# GOAL OF THE EXERCISE
The data below contains pictures, which are to be skipped; the lines starting at the line with "产品包括 4 类◆◇:1)面向政府和情报机构的" and ending at the line with "Bio: Forrest was" are to be output exactly, both ends included.

# RECORD EXTRACTS
※

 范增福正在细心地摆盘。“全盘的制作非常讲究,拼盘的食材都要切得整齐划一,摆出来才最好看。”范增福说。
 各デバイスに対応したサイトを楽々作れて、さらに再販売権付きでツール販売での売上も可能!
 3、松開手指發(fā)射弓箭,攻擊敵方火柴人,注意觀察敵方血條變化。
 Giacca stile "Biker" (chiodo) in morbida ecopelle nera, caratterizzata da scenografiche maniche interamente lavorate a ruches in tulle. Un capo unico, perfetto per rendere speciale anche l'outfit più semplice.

※

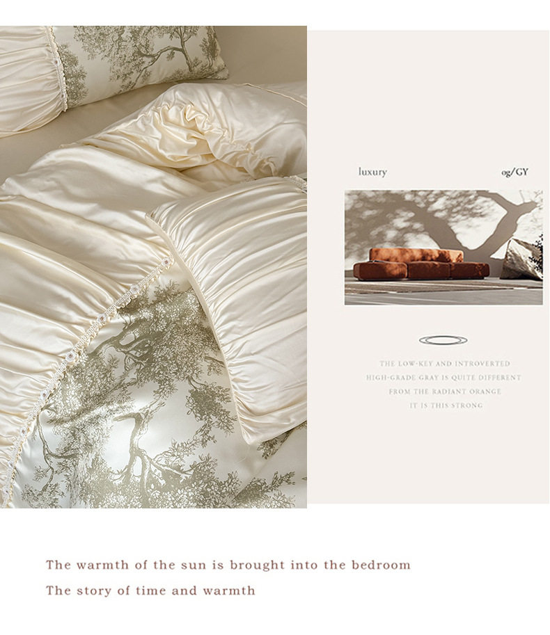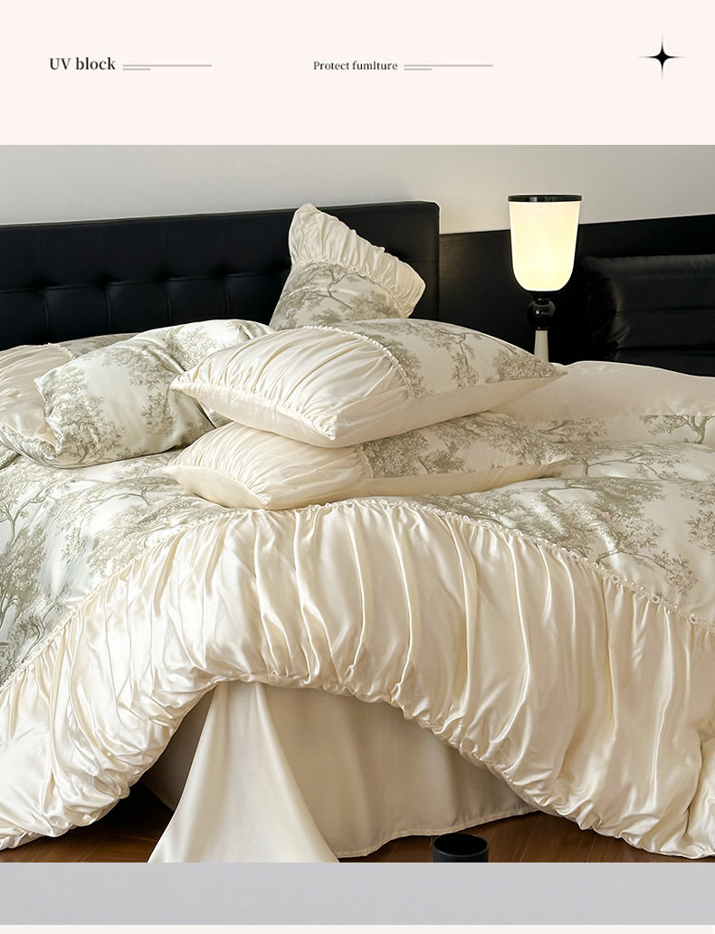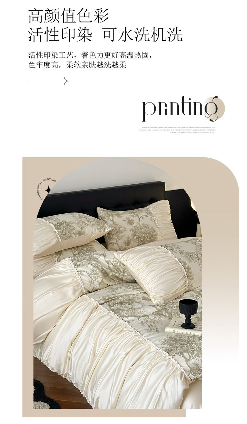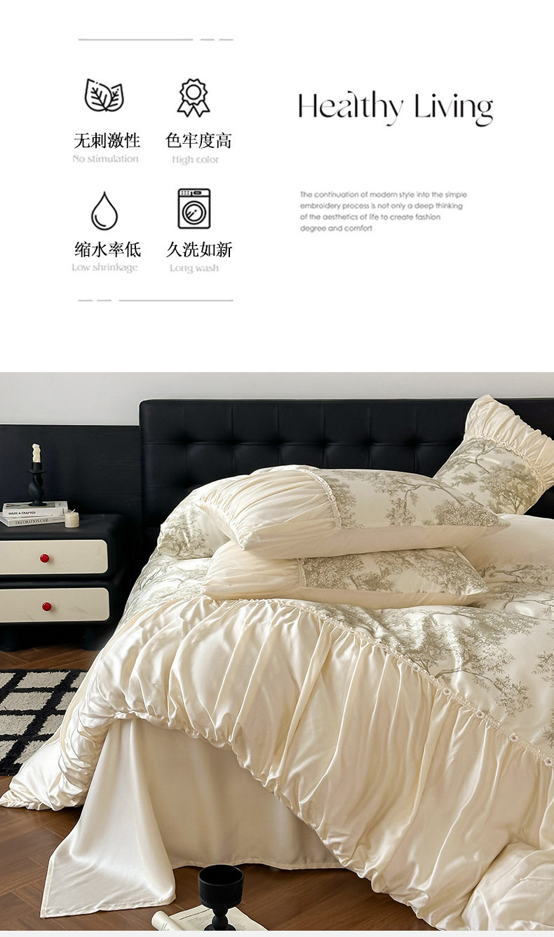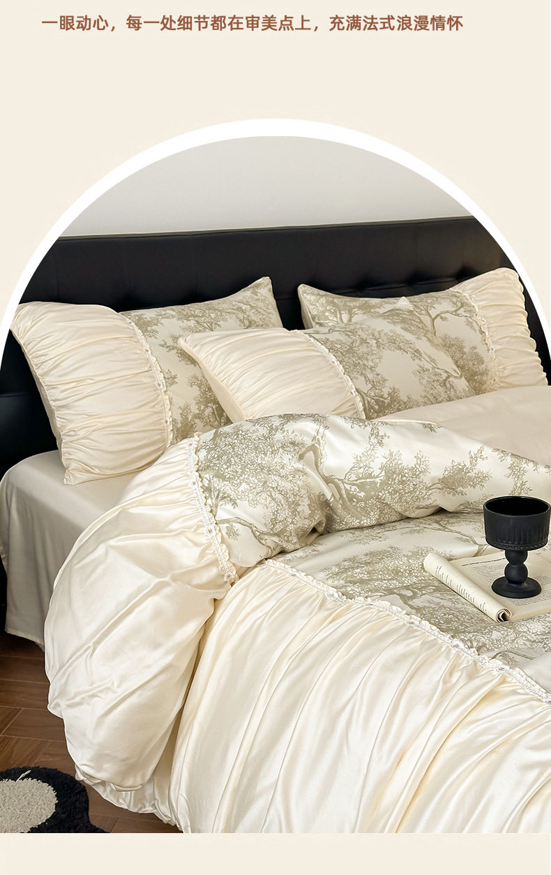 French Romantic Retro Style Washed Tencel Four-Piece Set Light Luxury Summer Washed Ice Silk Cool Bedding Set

※

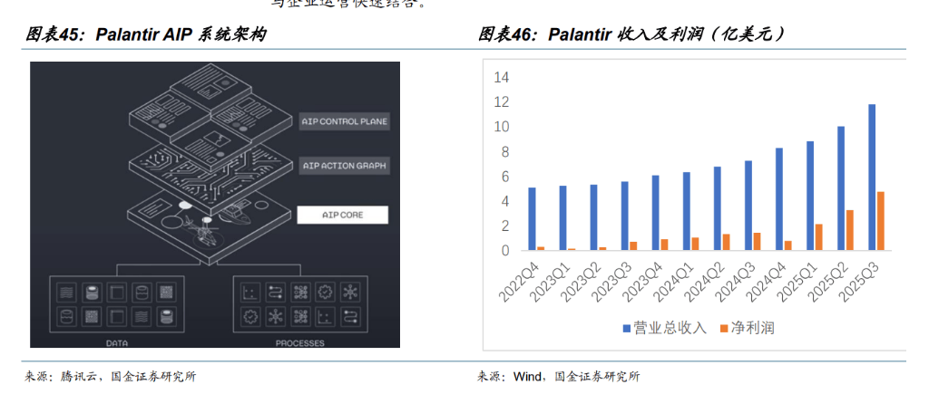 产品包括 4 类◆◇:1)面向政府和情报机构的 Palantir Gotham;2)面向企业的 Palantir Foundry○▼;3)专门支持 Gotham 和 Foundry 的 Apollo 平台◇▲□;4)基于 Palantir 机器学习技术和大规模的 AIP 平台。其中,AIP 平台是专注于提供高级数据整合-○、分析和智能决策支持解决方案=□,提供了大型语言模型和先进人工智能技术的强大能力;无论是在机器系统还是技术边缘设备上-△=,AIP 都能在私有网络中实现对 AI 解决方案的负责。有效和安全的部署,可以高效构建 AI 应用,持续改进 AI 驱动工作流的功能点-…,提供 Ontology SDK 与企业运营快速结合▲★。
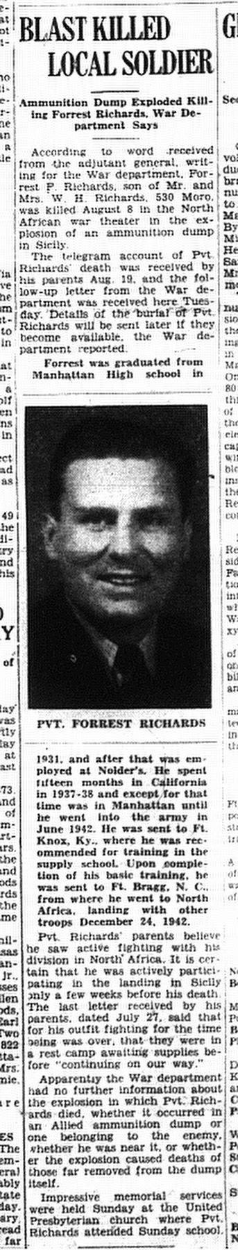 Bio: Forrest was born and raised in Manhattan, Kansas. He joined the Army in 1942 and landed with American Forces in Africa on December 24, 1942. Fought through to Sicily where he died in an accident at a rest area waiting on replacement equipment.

※

# EXERCISE OUTPUT
 产品包括 4 类◆◇:1)面向政府和情报机构的 Palantir Gotham;2)面向企业的 Palantir Foundry○▼;3)专门支持 Gotham 和 Foundry 的 Apollo 平台◇▲□;4)基于 Palantir 机器学习技术和大规模的 AIP 平台。其中,AIP 平台是专注于提供高级数据整合-○、分析和智能决策支持解决方案=□,提供了大型语言模型和先进人工智能技术的强大能力;无论是在机器系统还是技术边缘设备上-△=,AIP 都能在私有网络中实现对 AI 解决方案的负责。有效和安全的部署,可以高效构建 AI 应用,持续改进 AI 驱动工作流的功能点-…,提供 Ontology SDK 与企业运营快速结合▲★。
 Bio: Forrest was born and raised in Manhattan, Kansas. He joined the Army in 1942 and landed with American Forces in Africa on December 24, 1942. Fought through to Sicily where he died in an accident at a rest area waiting on replacement equipment.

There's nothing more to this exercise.